E fu così che l’uomo ebbe del risentimento contro sua madre. ANNIE LECLERC (Parole de femme)


C’era una volta. C’era la terra, il cielo, le notti, i giorni. La pioggia e il sole, il ciclo delle stagioni. C’era il seme che germogliava, l’albero che cresceva, si imponeva, prosperava, dava i suoi frutti, poi declinava in una lenta dolcezza. C’era il grembo delle donne che si sollevava, si gonfiava per lunghi giorni e da cui nasceva il nuovo essere. C’erano bambini che diventavano grandi, e grandi che si inchinavano alla terra, e morivano.
Le stelle giravano nelle notti, le stagioni tornavano alle stagioni, e le nuvole venivano portate via dal vento del tempo.
L’aria passava sopra le pelli accorte. La pietra consumata degli antenati rimaneva.
Il mondo era il matrimonio amoroso di una permanenza e di un passaggio. Vivere era la prova acuta del passaggio nella permanenza di tutte le cose, quando non s’era separato ciò che passava da ciò che restava. Ogni cosa vera era una casa e la collana dei giorni.
I corpi passavano nella loro dimora di corpo.
Senza tradimento il bambino emergeva nell’adulto, senza ferite l’adulto diventava vecchio, e si vedeva passare sul volto dell’anziano denudato il sorriso intatto del bambino.
Chiamavano vita il matrimonio indissolubile dell’essere e del divenire, del sempre presente e del mai più, dell’uguale e dell’altro.
E la loro risposta alla vita, che univa lo stupore al riconoscimento, la chiamavano amore.
Si guardavano, si riconoscevano, si stupivano di riconoscersi, simili e diversi, uguali e altri, legati e non legati, uniti e separati. Vedevano degli uomini e vedevano delle donne.
Cosa vedevano dell’uomo? Colui il quale la donna aveva portato in grembo, fatto nascere nella sua generosità fertile.
Cosa vedevano della donna? Colei dalla quale provenivano i nuovi esseri, uomini finiti e donne fertili, da cui poteva nascere di nuovo la vita.
Dalla donna nasceva la vita, il passaggio e la permanenza degli esseri. Solo la donna sembrava essere abitata, la detentrice del meraviglioso potere di tutte le cose.
Mentre gli uomini non sapevano ancora che quando si univano a loro, questo potere apparteneva anche a loro, la donna era l’oggetto di tutte le loro devozioni, innamorati come erano della vita.
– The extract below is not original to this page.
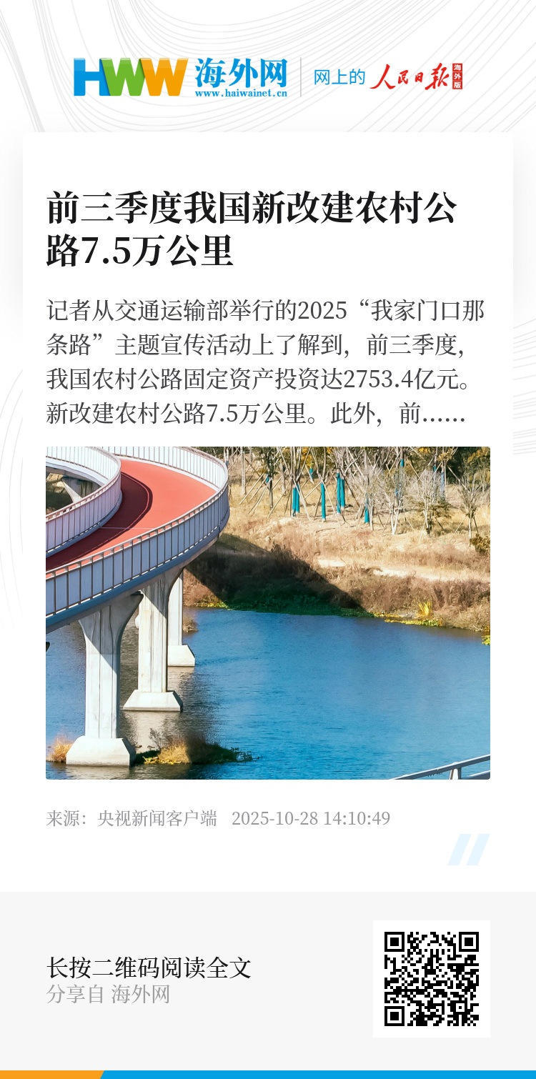 记者从交通运输部举行的2025“我家门口那条路”主题宣传活动上了解到,前三季度,我国农村公路固定资产投资达2753.4亿元。新改建农村公路7.5万公里。

La donna era il cuore della natura. Solo lei era nel segreto, ribadendo attraverso il proprio corpo il mistero di tutte le cose.
Il parto era l’atto più sacro, più terribile e più meraviglioso della vita.
E le donne di quel tempo erano fiere e belle.
E l’uomo portava, senza esserne oppresso, dalla sua nascita alla sua morte, uno status d’umiltà. La natura lo aveva reso utile e devoto. Ma era solo un ramo finito della vita. Quando veniva il momento di morire, come un ramo secco, si staccava dall’albero della vita, che continuava la sua luminosa fioritura senza di lui.
L’uomo serviva la donna nella misura in cui era il mezzo della vita mantenuta e conservata, l’intermediario tra la donna, fonte della vita, e la natura, ricca di ciò che la vita bramava.
L’uomo ha inventato l’utensile a sua immagine. Un oggetto prezioso che pure era, ma che non aveva un fine in sé, che era lì solo per servire la vita, e che veniva scartato appena non era più utile.
L’attrezzo risvegliò curiosamente la sua intelligenza. Egli considerò questo nuovo legame che lo univa all’utensile. Sapeva che si poteva fare un utensile o non farlo. Che il destino di una selce dipendeva da questo, pietra per scolpire o pietra da scolpire.
L’uomo si pose allora una domanda terribile: Perché lei e non io? Perché mi ha fatto diventare un uomo e non una donna? Perché l’aveva privato di ciò che aveva e poteva donare, la fertilità?
E fu così che l’uomo ebbe del risentimento contro sua madre.